The scale is just insane .. hard to comprehend a 3km/2mi wide factory.
To my knowledge the largest factory in the world is BASF Ludwigshafen (Germany) with 10 km². Here is an aerial photo: https://de.m.wikipedia.org/wiki/Datei:LudwigshafenBASF2017-0... Followed by Volkswagen Wolfsburg (also Germany) with 6.5 km². Seems the BYD factory is competing with it for rank #2.
I guess it depends on what qualifies as a factory. Azovstal in Mariupol is around 11 km^2 and certainly isn’t the largest in the world.
I don't think BASF really counts, it's more of a factorio district and not one single insanely large building.
I was refering to the size of the factory premises = land + buildings.
It seems we need diffrent categories for a ranking: premises vs. base area of the buildings vs. floor area of the buildings vs. largest building per base area vs. largest building per floor area, etc. And then we would need to clarify what counts in each case ...
Anyway, I live about 20 km from BASF and it is quite an impressive sight, especially at night. Here is a photo: https://de.m.wikipedia.org/wiki/Datei:Fackelschein_des_Steam... However, the red lights are probably an artefact of the camera; typically the lights looks rather bluesh in reality. And the photo was shot with a 400 mm lens: the television tower in the foreground is more than 4 km away from the factory, the house at the left about 3 km.
I've studied in the area and, as a bit of a night person, often drove past at night when driving to or from parents. A very cool sight, though the smell is often less pleasant :D - presumably nothing toxic, that would be illegal, but it does smell bad. Kind of like burning plastic, but without the harshest components of that smell.
Anyway, cool that Germany still has the biggest of something ~heavy industry.
I hope you appreciate how nice it is that you can reasonably assume that whatever you're smelling isn't particularly toxic.
I would be curious to know what chemical compounds that you are smelling. Germany has incredibly strict environmental protection laws. As an aside, the waterfront of Kawasaki, Japan is pretty similar, but not one single company. It looks straight from Factorio.
Like an image ripped from Blade Runner.
It will be 50 sq. km by the time the extension is finished [1].
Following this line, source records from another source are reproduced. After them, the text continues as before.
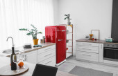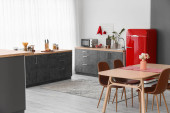 Wnętrze jasnej kuchni z czerwoną lodówką, lady i stół jadalny
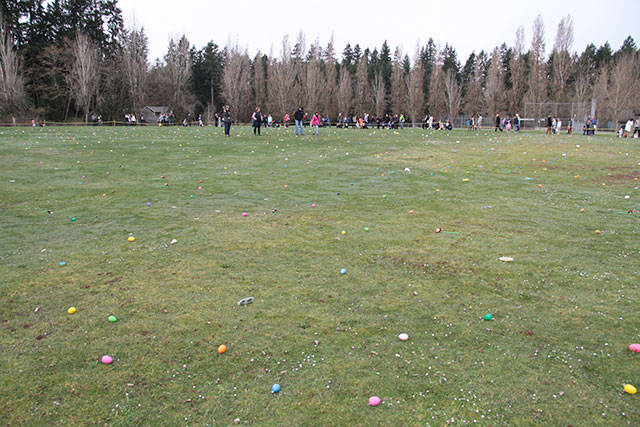 This year’s mEGGA Hunt at Battle Point Park attracted several thousand egg-hunters, families and friends.
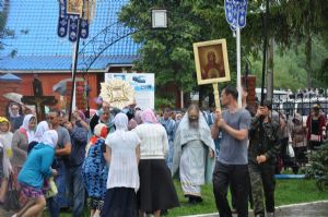 По окончании Божественной литургии был совершен крестный ход на источник, освященный в честь празднуемого образа и чин малого освящения воды.
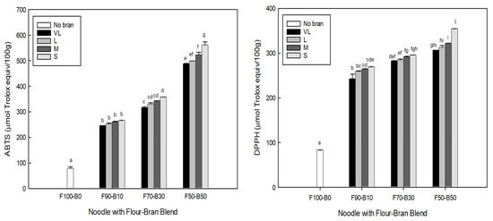 Antioxidant activity as indicated by ABTS and DPPH radical-scavenging activity of fresh noodles with flour-bran blends at different blending ratios and bran sizes. The different letters above the bars are significantly different (p < 0.05) according to Tukey’s HSD test. VL, L, M, and S indicate the brans with very large, large, medium, and small particle sizes.
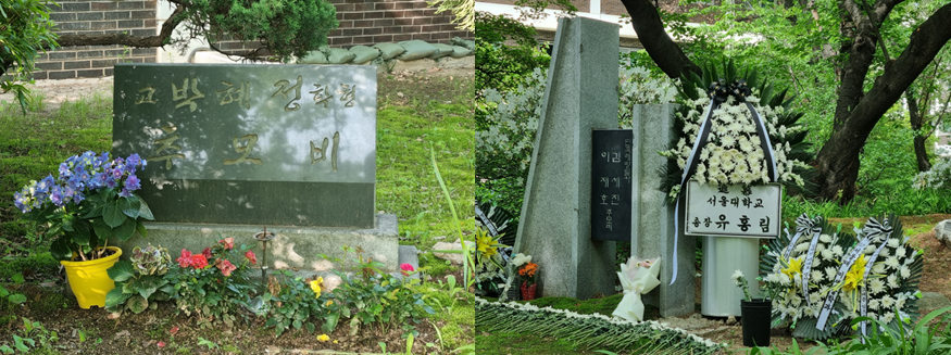 ▲박혜정 열사 추모비(좌), 화환이 놓인 김세진·이재호 열사 추모비(우)
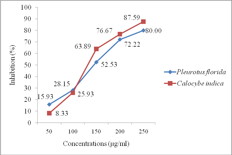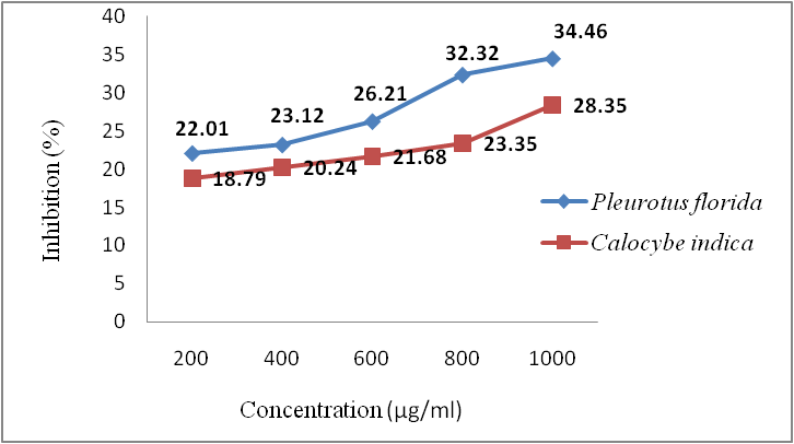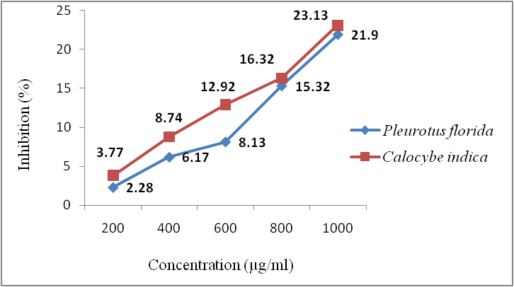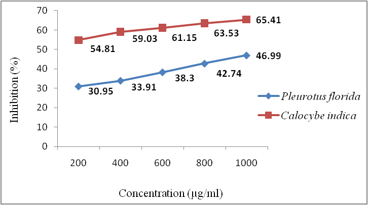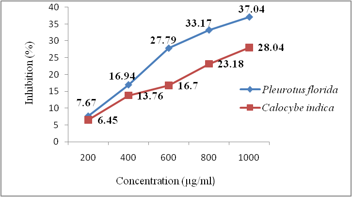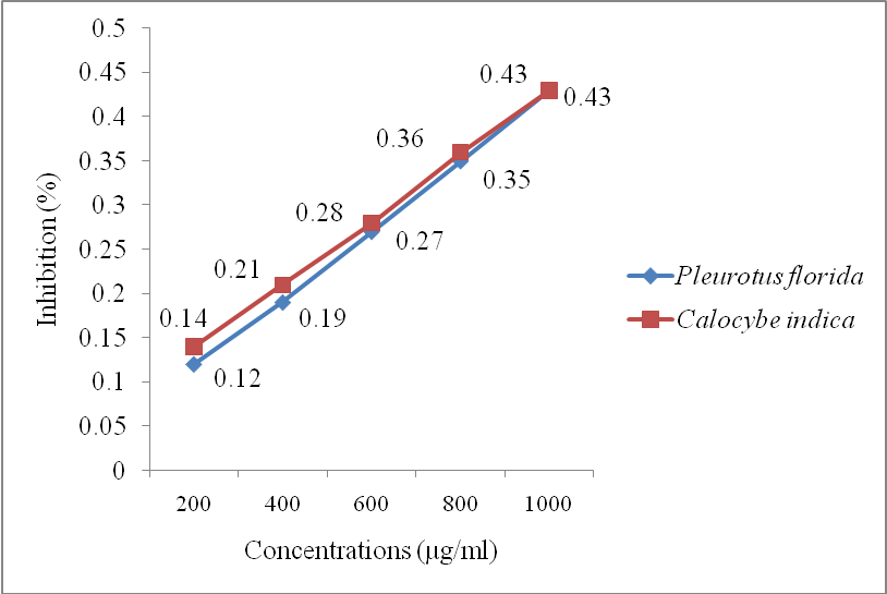 Fig. 6 summarizes that the reducing power of the extracts of Pleurotus florida and Calocybe indica was found to be excellent which steadily increased in direct proportion to the increasing concentrations of the extract. The reducing power inhibition percentages were found to be 0.43±0.007 % in P. florida and 0.43±0.005 % in C. indica.

[1] https://twitter.com/TaylorOgan/status/1859149340897628545
The wording is confusing, but I believe the Zhengzhou International Land Port is 50sqkm, not the factory. That also fits the numbers they're giving [1]: "Zhengzhou International Land Port Project announced ——total area of around 50 square kilometers", and that includes a lot of "open-air warehouse" (parking lot). It's still massive, but not quite as crazy.
Agreed, the factories clearly aren't the same size as Manhattan.
But as a comparison of scale, both the airports in Denver and Dallas-Fort Worth are larger than Manhattan (27 mi2 or 70 km2).
https://en.wikipedia.org/wiki/Dallas_Fort_Worth_Internationa....
While that is a ton of activity (and empty space, if you have ever seen those airports), the Big Apple might not be the best reference for scale.